** DATA SUPPLIED follows **

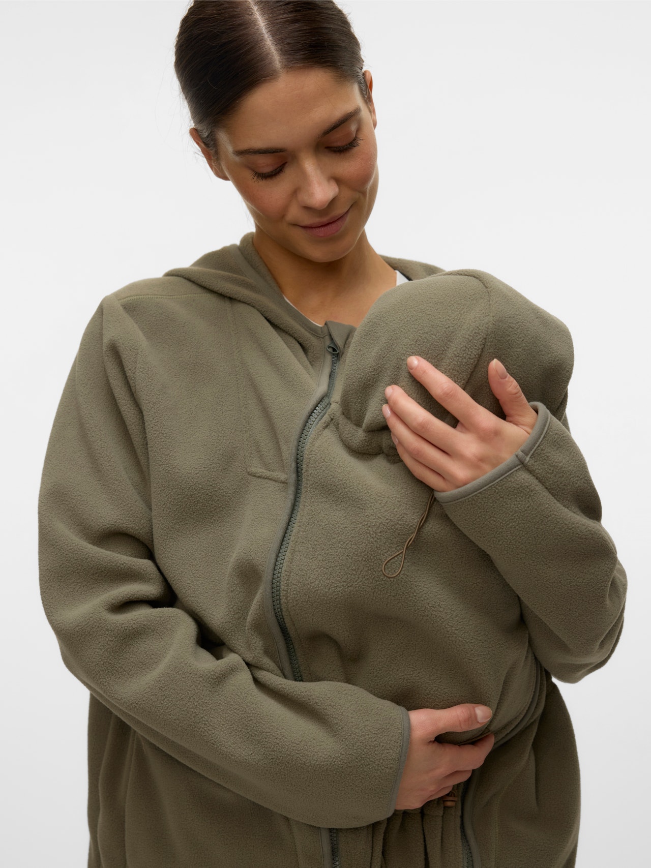 Prepare your wardrobe for a new season with a functional and fashionable 3-in-1outerwear style for pregnancy, post-partum for carrying your child and as a regular jacket. Use it during pregnancy by adding the panel or adjusting the fit; use it post-partum with the practical carry function for your baby; attach the carry panel in front to ensure space for a baby sling, baby carrier, or baby wrap, or wear it as a regular jacket and create a cosy, clean look.
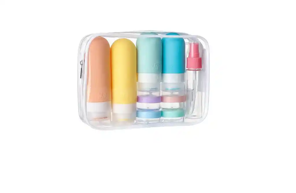 Accesorios de viaje útiles: este es un práctico juego de contenedores de viaje dentro de una caja con cremallera, que incluye 4 botellas de viaje, 4 frascos de viaje, 2 botellas de aerosol, 2 cucharas, 1 embudo, 1 cepillo de limpieza y 1 etiqueta, así como 1 bolsa de maquillaje transparente. Los diversos envases le permiten traer diferentes productos de belleza y cosméticos según sus necesidades. Botella de viaje a prueba de fugas: el diseño a prueba de fugas evita que el líquido se filtre o se derrame, proporcionando protección para tu equipaje y ropa. El diseño en forma de bola garantiza que ningún líquido quede atrapado en las esquinas de la botella, y te ayuda a usar la última gota de tus productos de cuidado personal sin desperdiciar ninguno. Ofrecemos botellas de viaje a prueba de fugas para usted.
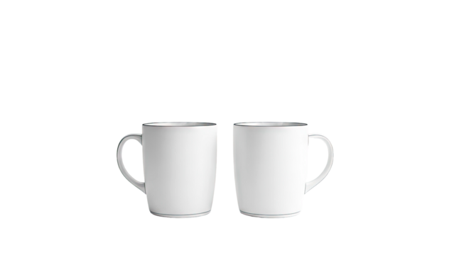 Ceramic Mugs: An artistic studio shot captures the elegance and simplicity of two ceramic mugs, showcasing their minimalist design.
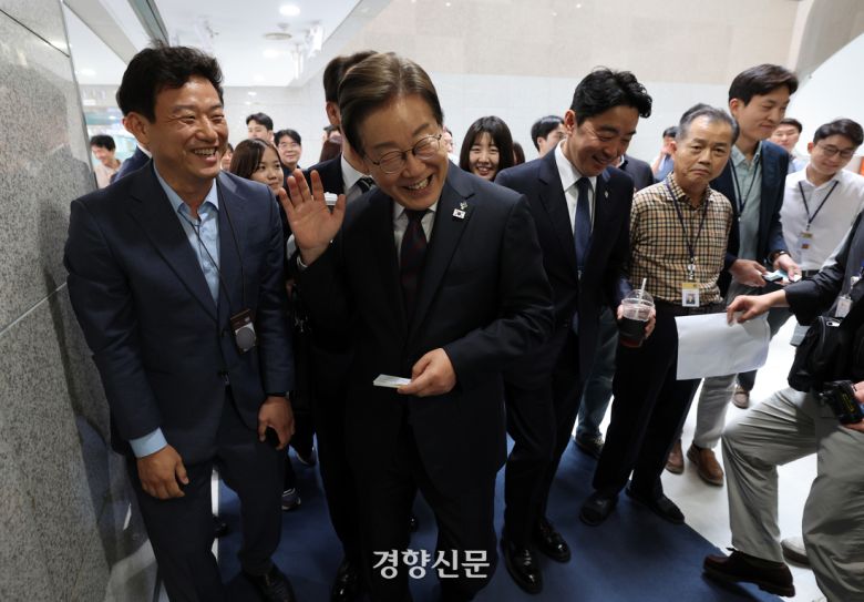 이재명 대통령이 10일 용산 대통령실 직원식당에서 식사를 마친 뒤 집무실로 돌아가며 취재진과 인사하다 시계를 들여다보고 있다. 대통령실사진기자단
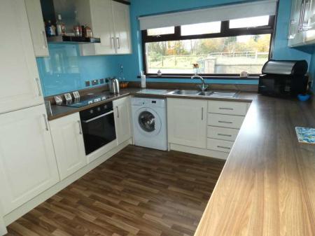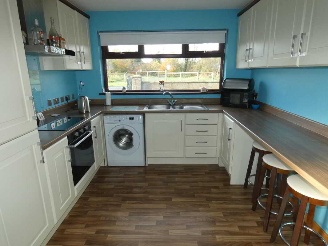 - Attractive kitchen with integrated appliances and a breakfast bar seating area.
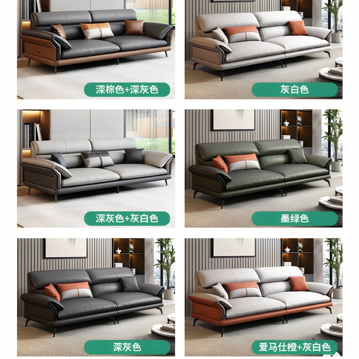 | 颜色 | 进口纳帕头层牛皮5cm乳胶-四人位 | 颜色 | 进口纳帕头层牛皮5cm天然乳胶-3+1 |
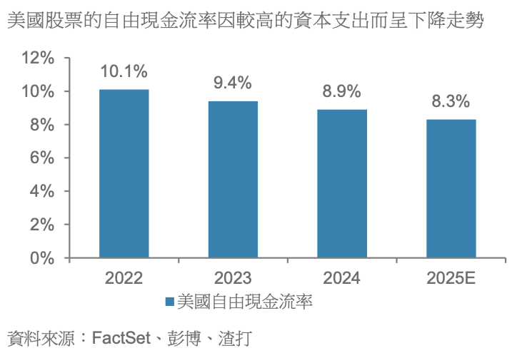 - 估值與融資風險已見緩和。雖然人工智能與整體科技股估值在2025年末曾急升,但人工智能主題於2025年第四季表現平淡,已使估值恢復正常水平。同樣地,儘管較高的資本支出壓縮了美股企業的自由現金流率,但隨著變現路徑逐步明朗,融資風險仍屬可控。主要平台的現金流亦保持穩健。
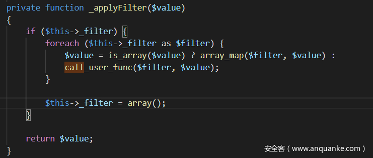 链子到这里基本结束了,这里调用了call_user_func,而两个参数都是我们可控的,所以直接就能够RCE。
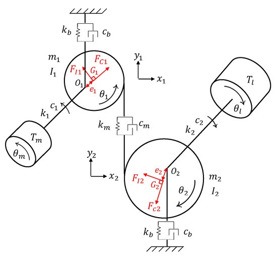 Then, Newton’s second law is employed to derive the spur gear dynamic model of Figure 7. For simplification, the LOA direction is assumed to be unchanged in this part of the model, which is justified because we have in this study. The reference frame of study is chosen such as the y axis is aligned with the line of action direction as shown in Figure 7, where is the rotation center and is the geometric center of the gear i.
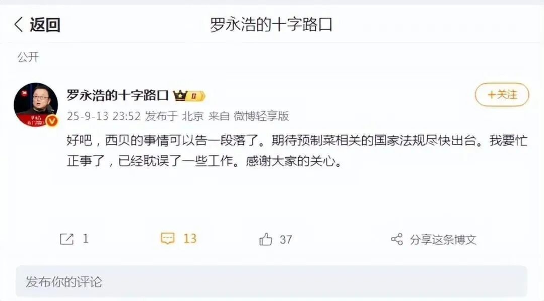13日晚,罗永浩微博最新发文称西贝的事情可以告一段落了,全文如下:
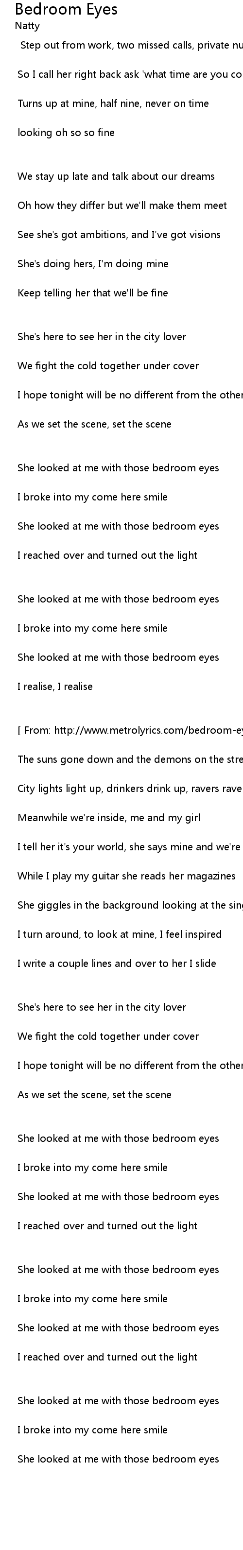 [ From: http://www.metrolyrics.com/bedroom-eyes-lyrics-natty.html ] |
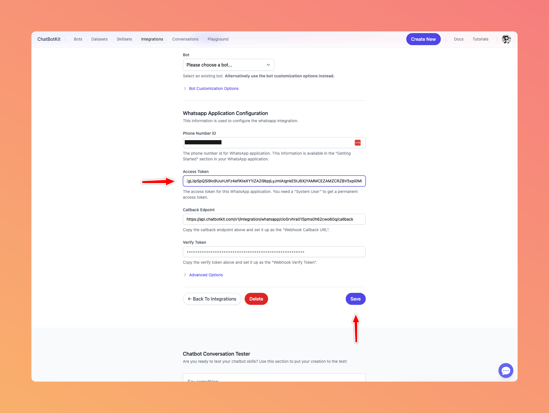 Paste the token in your ChatBotKit integration and press the "Save" button.
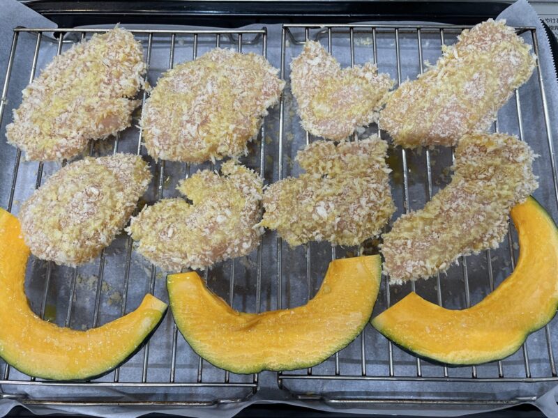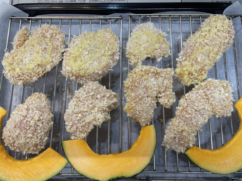 ヘルシオの「まかせて調理 網焼き・揚げる」機能で作るチキンカツです。
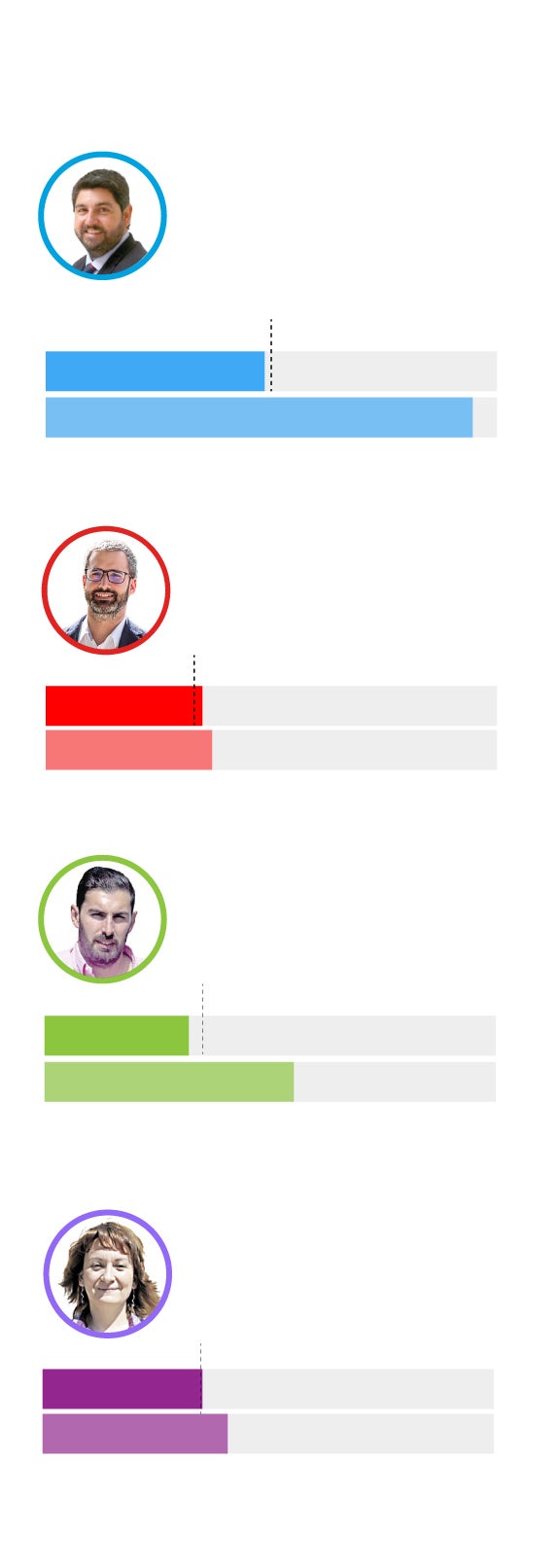 La única líder que sube es María Marín, de Podemos, con una décima más hasta los 3,6. En este barómetro, entra por primera vez el nuevo secretario general del PSRM-PSOE, que debuta con una valoración del 3,8, superior al que obtuvo su predecesor, José Vélez, que en la pasada encuesta se quedó en el 3,1.

** End of DATA SUPPLIED **

▸ **WORK TASK**
Set down all of the material word for word, but keep each picture out.

▸ **RESPONSE BELOW**
 Prepare your wardrobe for a new season with a functional and fashionable 3-in-1outerwear style for pregnancy, post-partum for carrying your child and as a regular jacket. Use it during pregnancy by adding the panel or adjusting the fit; use it post-partum with the practical carry function for your baby; attach the carry panel in front to ensure space for a baby sling, baby carrier, or baby wrap, or wear it as a regular jacket and create a cosy, clean look.
 Accesorios de viaje útiles: este es un práctico juego de contenedores de viaje dentro de una caja con cremallera, que incluye 4 botellas de viaje, 4 frascos de viaje, 2 botellas de aerosol, 2 cucharas, 1 embudo, 1 cepillo de limpieza y 1 etiqueta, así como 1 bolsa de maquillaje transparente. Los diversos envases le permiten traer diferentes productos de belleza y cosméticos según sus necesidades. Botella de viaje a prueba de fugas: el diseño a prueba de fugas evita que el líquido se filtre o se derrame, proporcionando protección para tu equipaje y ropa. El diseño en forma de bola garantiza que ningún líquido quede atrapado en las esquinas de la botella, y te ayuda a usar la última gota de tus productos de cuidado personal sin desperdiciar ninguno. Ofrecemos botellas de viaje a prueba de fugas para usted.
 Ceramic Mugs: An artistic studio shot captures the elegance and simplicity of two ceramic mugs, showcasing their minimalist design.
 이재명 대통령이 10일 용산 대통령실 직원식당에서 식사를 마친 뒤 집무실로 돌아가며 취재진과 인사하다 시계를 들여다보고 있다. 대통령실사진기자단
 - Attractive kitchen with integrated appliances and a breakfast bar seating area.
 | 颜色 | 进口纳帕头层牛皮5cm乳胶-四人位 | 颜色 | 进口纳帕头层牛皮5cm天然乳胶-3+1 |
 - 估值與融資風險已見緩和。雖然人工智能與整體科技股估值在2025年末曾急升,但人工智能主題於2025年第四季表現平淡,已使估值恢復正常水平。同樣地,儘管較高的資本支出壓縮了美股企業的自由現金流率,但隨著變現路徑逐步明朗,融資風險仍屬可控。主要平台的現金流亦保持穩健。
 链子到这里基本结束了,这里调用了call_user_func,而两个参数都是我们可控的,所以直接就能够RCE。
 Then, Newton’s second law is employed to derive the spur gear dynamic model of Figure 7. For simplification, the LOA direction is assumed to be unchanged in this part of the model, which is justified because we have in this study. The reference frame of study is chosen such as the y axis is aligned with the line of action direction as shown in Figure 7, where is the rotation center and is the geometric center of the gear i.
13日晚,罗永浩微博最新发文称西贝的事情可以告一段落了,全文如下:
 [ From: http://www.metrolyrics.com/bedroom-eyes-lyrics-natty.html ] |
 Paste the token in your ChatBotKit integration and press the "Save" button.
 ヘルシオの「まかせて調理 網焼き・揚げる」機能で作るチキンカツです。
 La única líder que sube es María Marín, de Podemos, con una décima más hasta los 3,6. En este barómetro, entra por primera vez el nuevo secretario general del PSRM-PSOE, que debuta con una valoración del 3,8, superior al que obtuvo su predecesor, José Vélez, que en la pasada encuesta se quedó en el 3,1.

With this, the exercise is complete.